Twenty-eight chronic low back pain sufferers.
Seven-day diary ratings of overall chronic pain intensity based on McGill Pain Questionnaire-Short Form total scores.
Greater daily chronic pain intensity was associated with greater placebo acute pain sensitivity in the laboratory (P < 0.05). Positive Blockade Effects (ie, presence of opioid analgesia) were associated as expected with lower placebo-condition acute pain sensitivity in the laboratory (P < 0.05). In main effects analyses, Blockade Effects were not associated significantly with daily chronic pain intensity. This absence of overall main effects was accounted for by significant opposing interactions between disability level and Blockade Effects (P < 0.05). Negative Blockade Effects (ie, absence of endogenous opioid analgesia to acute pain) in the High Disability group were associated with greater daily chronic pain intensity, consistent with the hypothesized effects of chronic pain-related opioid dysfunction. In contrast, Positive Blockade Effects (ie, effective opioid analgesia to acute pain) were associated with higher daily chronic pain intensity in the Low Disability group.

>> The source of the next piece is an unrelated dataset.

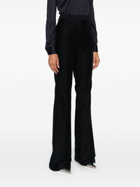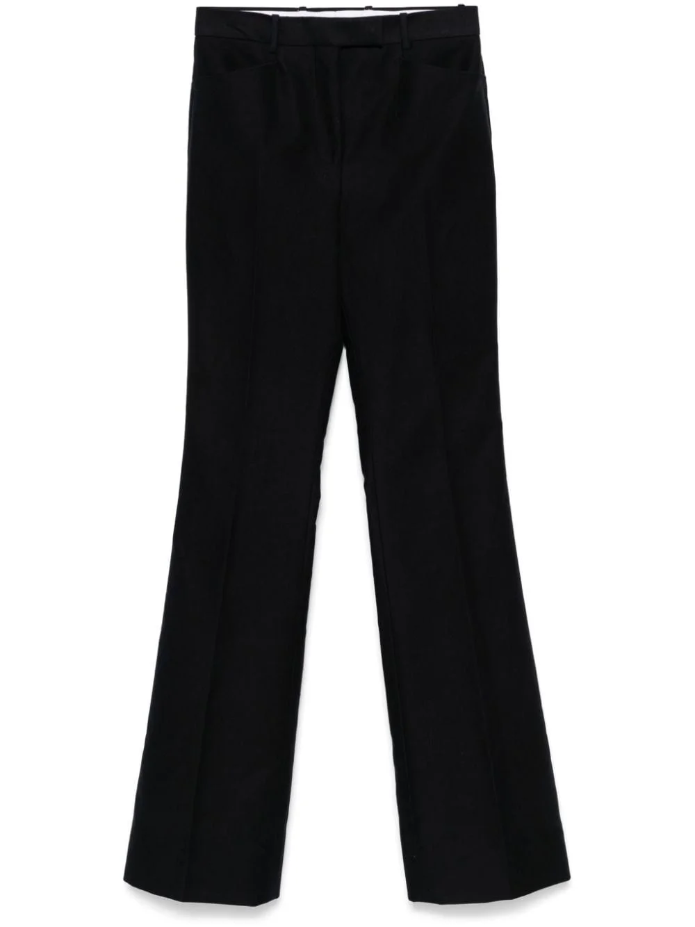 cotton trousers Highlights - Navy blue - Cotton - Twill weave - Concealed front button, hook and zip fastening - High-waisted - Belt loops - Slip pockets to the sides - Pressed crease - Two rear button-fastening jetted pockets - Flared leg Made in Italy Composition Lining: Cupro 59%, Silk 41% Outer: Cotton 100% SIZE & FIT Model measurements Height 5 ft 10 in(1.78 m) Bust/Chest 33.07 in(84 cm) Hips 36.61 in(93 cm) Waist 24.8 in(63 cm) FittingInformation Designed with a flared hem, these trousers allow for a close fit at the waist with a slim fit over the leg and widening towards the hem Particularly long in length; consider your own measurements Made from a midweight non-stretch fabric

These results suggest that endogenous opioid antinociceptive system dysfunction may contribute to elevated acute and chronic pain sensitivity among more disabled chronic pain patients. Among less disabled patients, chronic pain may serve as a primer producing up-regulated opioid antinociceptive responses to acute pain
测试在对急性疼痛刺激的反应中所证实的内源性阿片类抗痛觉系统功能障碍是否与慢性疼痛患者临床疼痛强度增加相关,并确定这种关联是否受残疾水平的调节。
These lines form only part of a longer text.